Roosevelt was so taken with Sinclair that he coined the term “muckrakers” to describe him and other reformist crusaders, even though the president’s phrase was not meant to be wholly complimentary.

Yet Sinclair considered his triumph empty. He complained that the tragedy of industrial life and his socialist preaching were being lost in the meat controversy.

"I aimed at the public's heart, and by accident I hit it in the stomach," he said.

And here's take two -- from Bodger and Grift's "Medieval Pick-Up Lines":

I have the key to your chastity belt and you have the key to my heart.
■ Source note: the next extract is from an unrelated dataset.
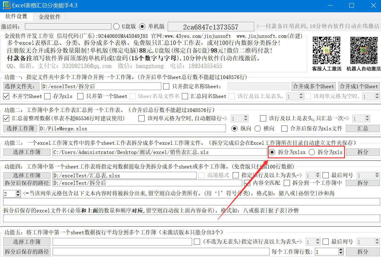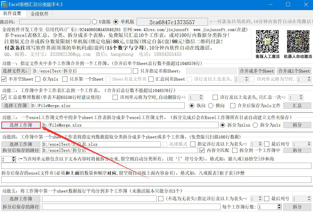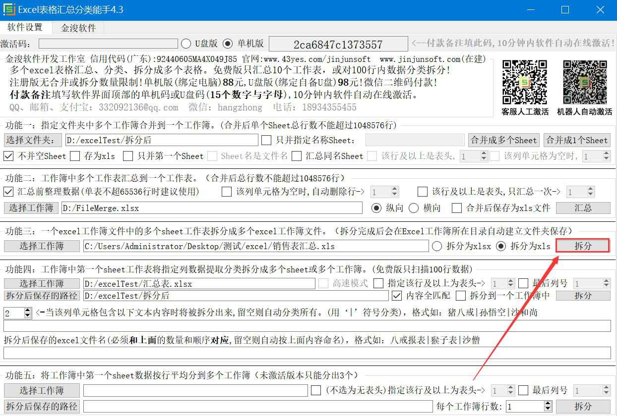 工作中,我们经常会收到很多Excel文件,往往一个Excel文件中就包含多个sheet工作表。可是,想要独立查看或对比数据时,会感觉不方便。为了解决这一问题,我们可以用Excel表格汇总分类能手拆分Excel文件,将多个sheet工作表拆分成多个Excel工作簿。考虑到很多人不懂操作,下面为大家讲解Excel表格汇总分类能手如何拆分Excel文件31. 红尘淡淡,人生如烟,一切的尘缘在冥冥之中都已注定,是喜是悲,都是要走过的,要经历的,我们要懂得;得之,我幸;失之,我命;坦然而过,谈定接受。。  Excel表格汇总分类能手如何拆分Excel文件? 1、首先,我们打开Excel表格汇总分类能手。在操作界面中可以看到它有两种拆分Excel文件的方式,本文以第一种拆分方式为例进行讲解,点击功能三中的“选择工作簿”按钮。  2、在弹出的窗口中,我们选择需要拆分的Excel文件,并点击“打开”按钮,将其导入Excel表格汇总分类能手。  3、然后,在Excel表格汇总分类能手操作界面中,我们根据自己的需要,选择Excel文件拆分的方式。  4、Excel文件拆分的方式选定后,我们点击它旁边的“拆分”按钮,Excel表格汇总分类能手便开始拆分Excel文件。  5、接下来,如果Excel文件拆分完成,在Excel表格汇总分类能手的操作界面下方状态栏会有相关的显示,如下图。  6、最后,我们在导入的Excel文件的源目录中便可以看到Excel表格汇总分类能手将Excel文件拆分为多个Excel工作簿了。  Excel表格汇总分类能手不仅能将一个Excel文件中的多个sheet工作表拆分为多个Excel工作簿,还能将Excel工作簿中的第一个sheet工作表指定的列数据提取出来,再分类拆分成多个sheet或者多个Excel工作簿。 -

Can I hose down your doublet?

Your eyes are as dark as a castle moat by midnight. Lower your drawbridge and let me cross.
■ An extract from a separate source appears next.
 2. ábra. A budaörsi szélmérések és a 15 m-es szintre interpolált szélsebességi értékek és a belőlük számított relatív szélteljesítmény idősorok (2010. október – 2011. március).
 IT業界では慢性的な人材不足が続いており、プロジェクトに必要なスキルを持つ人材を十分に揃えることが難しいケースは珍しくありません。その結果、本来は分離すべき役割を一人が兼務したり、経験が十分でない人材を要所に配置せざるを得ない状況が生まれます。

You should be glad I'm not a Viking. You would have been ravaged and plundered by now.

What's a nice maiden like you doing in a dungeon like this?

Come up and see my scrolls.

You can scale my battlements any day, madam.
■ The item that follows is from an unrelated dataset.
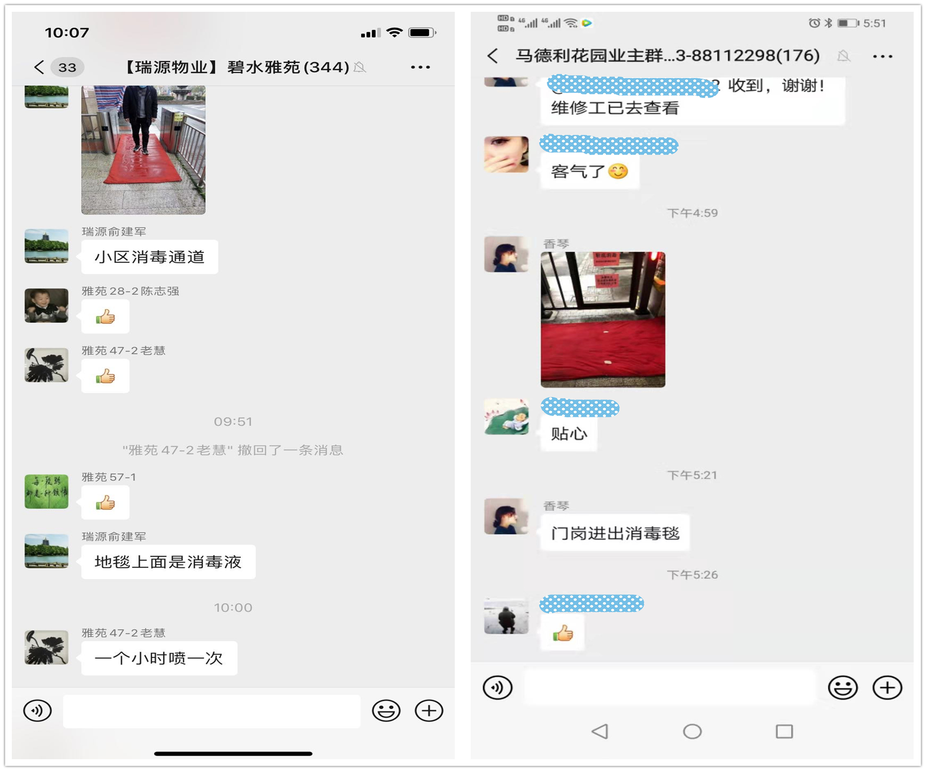 在防控疫情的道路上,瑞源物业对业主家人们的细心周全,得到了业主们的纷纷点赞,不仅有电梯一次性按键纸巾,还有消毒地毯。

You scratch my boils and I'll scratch yours.

They don't call me Lance-A-Lot for nothing, you know.

My that's a fine set of chalices you have there.

Ssh, I don't want everyone to know I'm on a secret holy quest.

When the Inquisition put me on the rack, my limbs weren't the only thing they stretched.

It's hard to tell which "meat market" is worse. The one where meat is treated for you? Or the one where you are treated like meat?